Not authentication.
A decision.
Same surface — “user behavior.” Different problem, different signals, different output.
| Feature | D1 (US11101993B1) | Present invention |
|---|---|---|
| Core focus | Authentication & authorization | Dynamic restriction of payment options at checkout |
| Data type used | Biometric & behavior signals | Transactional metrics — POD %, rejections, returns, demographics |
| Stage of application | Before login / system access | At e-commerce checkout, in real time |
| Output | Access granted / denied | Restriction or allowance of POD and other payment options |
| Technical effect | Secure access | <2s decision latency, >95% fraud accuracy, 40% fewer POD failures |
Implemented on distributed servers, in-memory stream processing, and an event-driven API layer — not a software algorithm in the abstract.

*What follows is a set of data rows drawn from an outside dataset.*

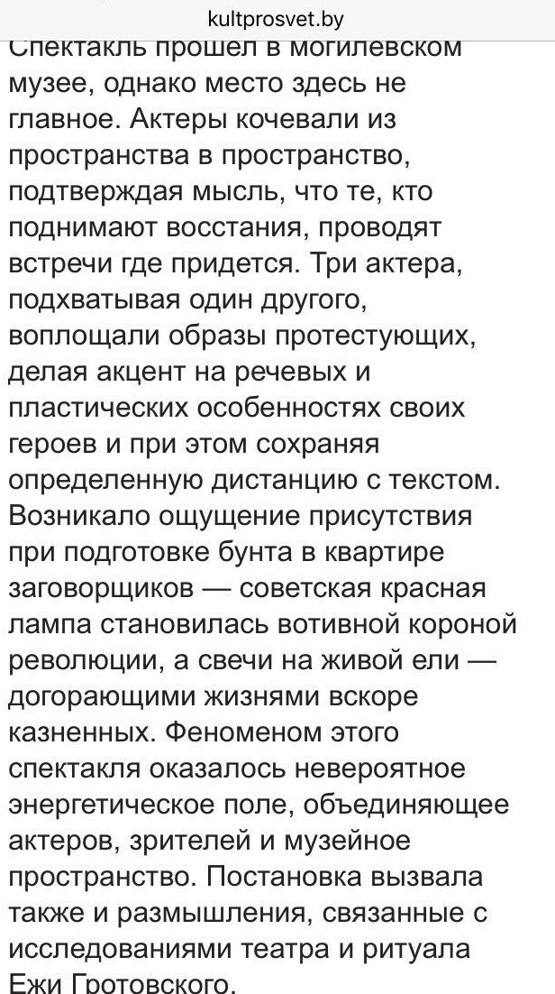 «Пируэт, исполненный актерским ансамблем спектакля, дорогого стоит. Заумная спираль, закрученная Клио, становится сюжетом. Метаморфозы, которые претерпело отношение к народовольцам в девятнадцатом, двадцатом и вот уже в двадцать первом веках, стали его живым нервом. Улицы, носившие имена террористов (Желябова, Перовской, Халтурина, Каляева), снова заголосили по-революционному. Зритель оказывается будто бы в музее-квартире заговорщиков. Их страстное стремление к свободе, пассионарная готовность к самопожертвованию обжигают — и тут же иронически переосмысляются лицедеями, в силу исторической дистанции знающими гораздо больше, чем их герои; возникает драматичное сопряжение с нашей эпохой тотального цинизма.”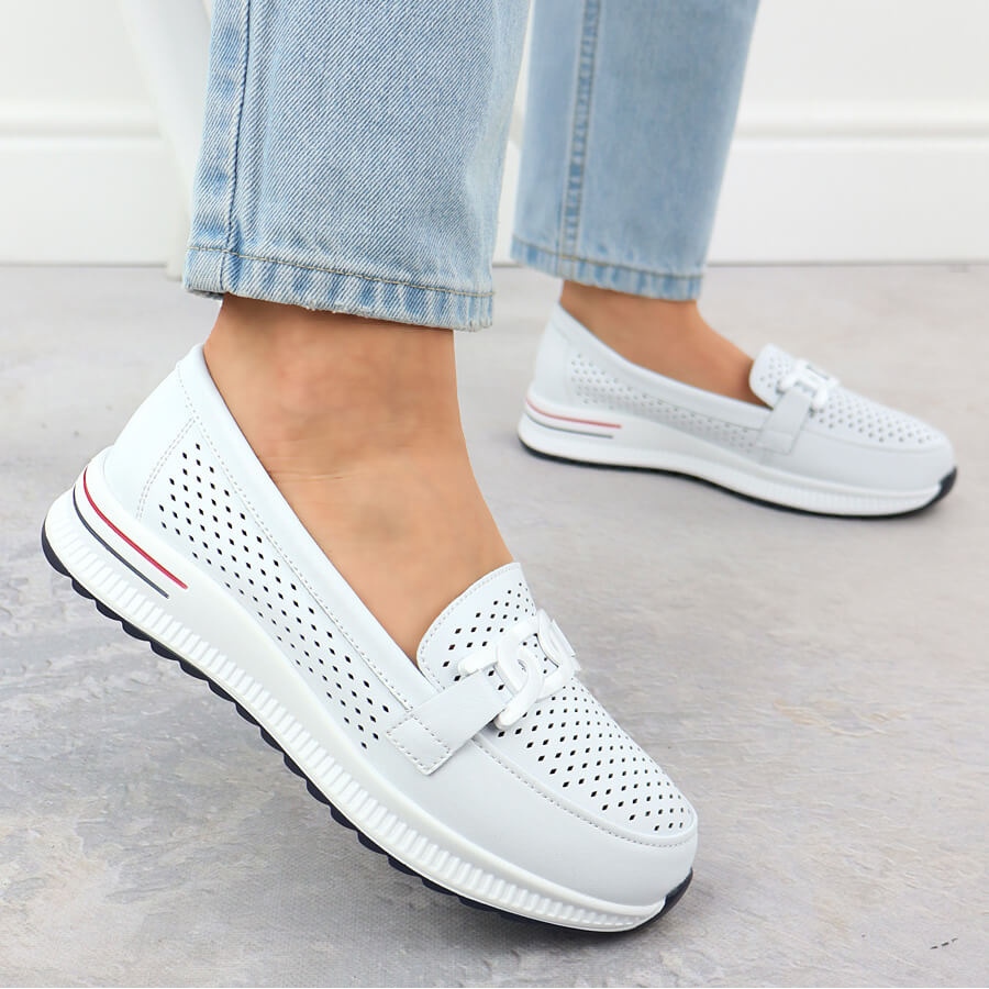 Grâce à l'insertion, ces chaussures sont non seulement élégantes, mais aussi pratiques - faciles à mettre et à décoller. Leurs couleurs blanches classiques les font parfaitement se fondre avec diverses tenues pour femmes, à la fois décontractées et plus élégantes.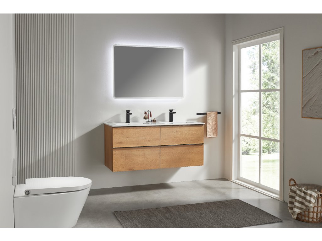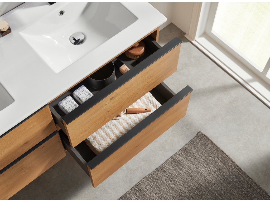 CERANO - Fürdőszobaszekrény mosdó alá Velora fogantyúval + Todo kerámia mosdó - mézes tölgy, fekete fogantyú - 119x53x45,2 cm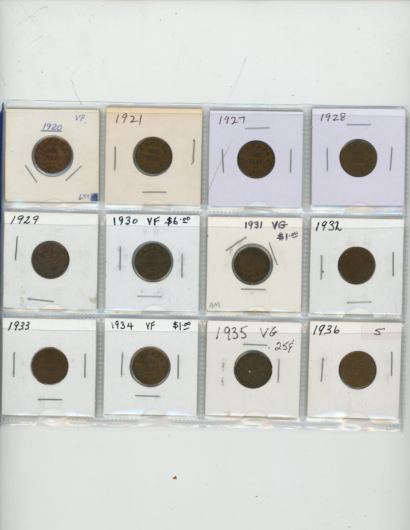 Canadian George V Small Cent Collection. 12-coin set includes 1920, 1921, 1927, 1928, 1929, 1930, 1931, 1932, 1933, 1934, 1935, & 1936.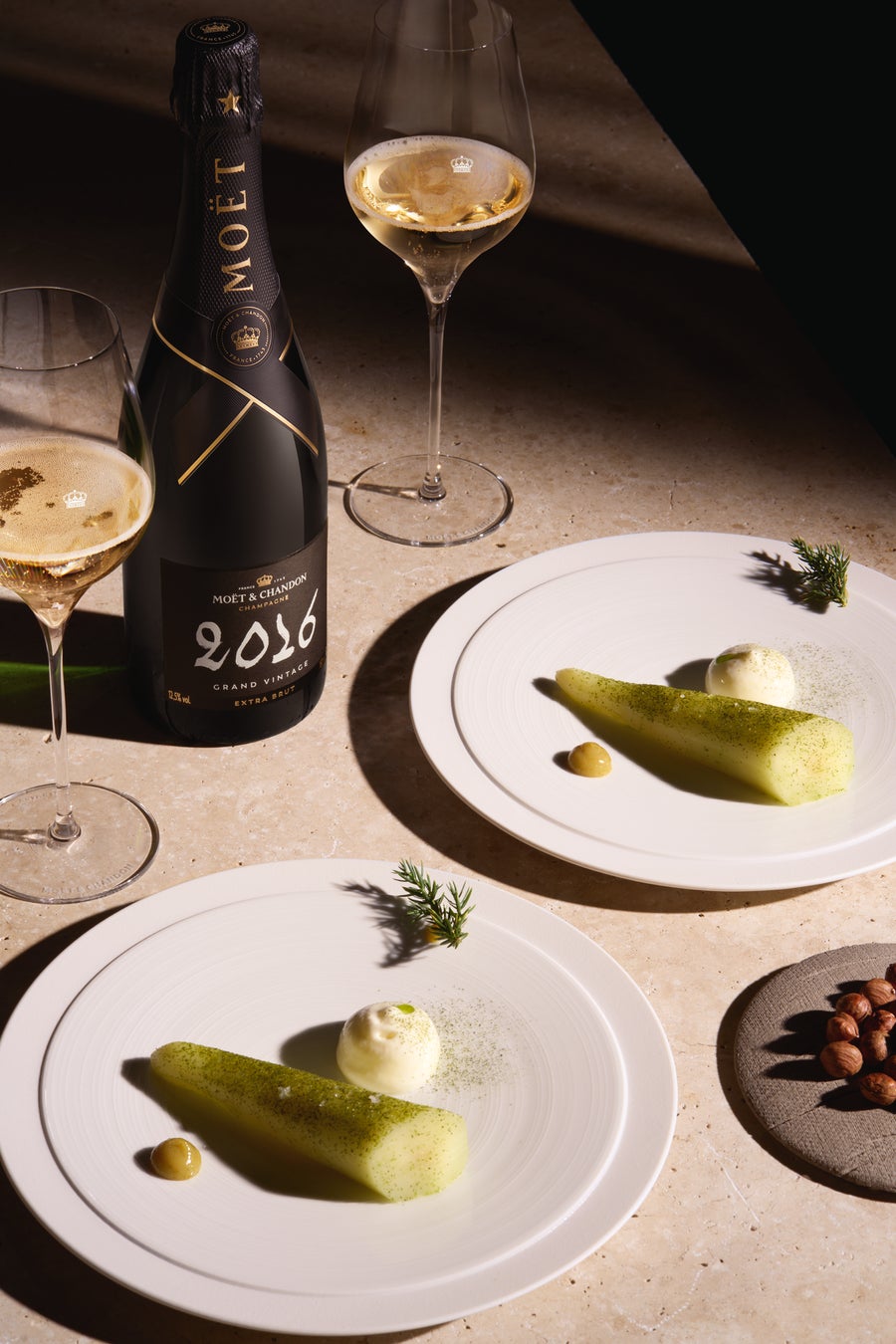 「モエ・エ・シャンドン グラン ヴィンテージ 2016」と最も相性がよいのは、柔らかくとろけるようなジビエ、もしくは肉や魚に少量の果汁を煮詰めたソースを添えた料理です。例えば、フェンネルで仕上げたコンフィのような柔らかい料理の淡白でニュートラルな味わいは、このシャンパンの味わいを最大限に引き出してくれます。さらに、アニスシードを少々加えれば、グラン ヴィンテージが持つ白い果実とフローラルな香りをさらに引き立ててくれます。

A system for dynamically managing payment options within an e-commerce platform, comprising:
- 01
Data collection module gathering user interaction data from transaction databases, user accounts and external APIs — order details, payment methods, rejections, returns, demographics.
- 02
Integration module consolidating data into a centralized lakehouse for real-time access.
- 03
Preprocessing and feature-engineering module computing behavioral metrics including POD percentage and rejected/returned POD orders per user.
- 04
Predictive ML model trained on historical data to classify high-risk users, applying thresholds such as POD rejection > 30% in last 3 months.
- 05
Real-time decision engine on distributed in-memory servers, evaluating eligibility within < 2 s and dynamically restricting payment options based on risk metrics and ML predictions.
- 06
Application integration layer of APIs and microservices enabling secure, event-driven communication between backend engine and checkout frontend.
- 07
Monitoring and optimization tools — anomaly detection, decision-accuracy, fraud-rate, latency and satisfaction telemetry — with iterative refinement.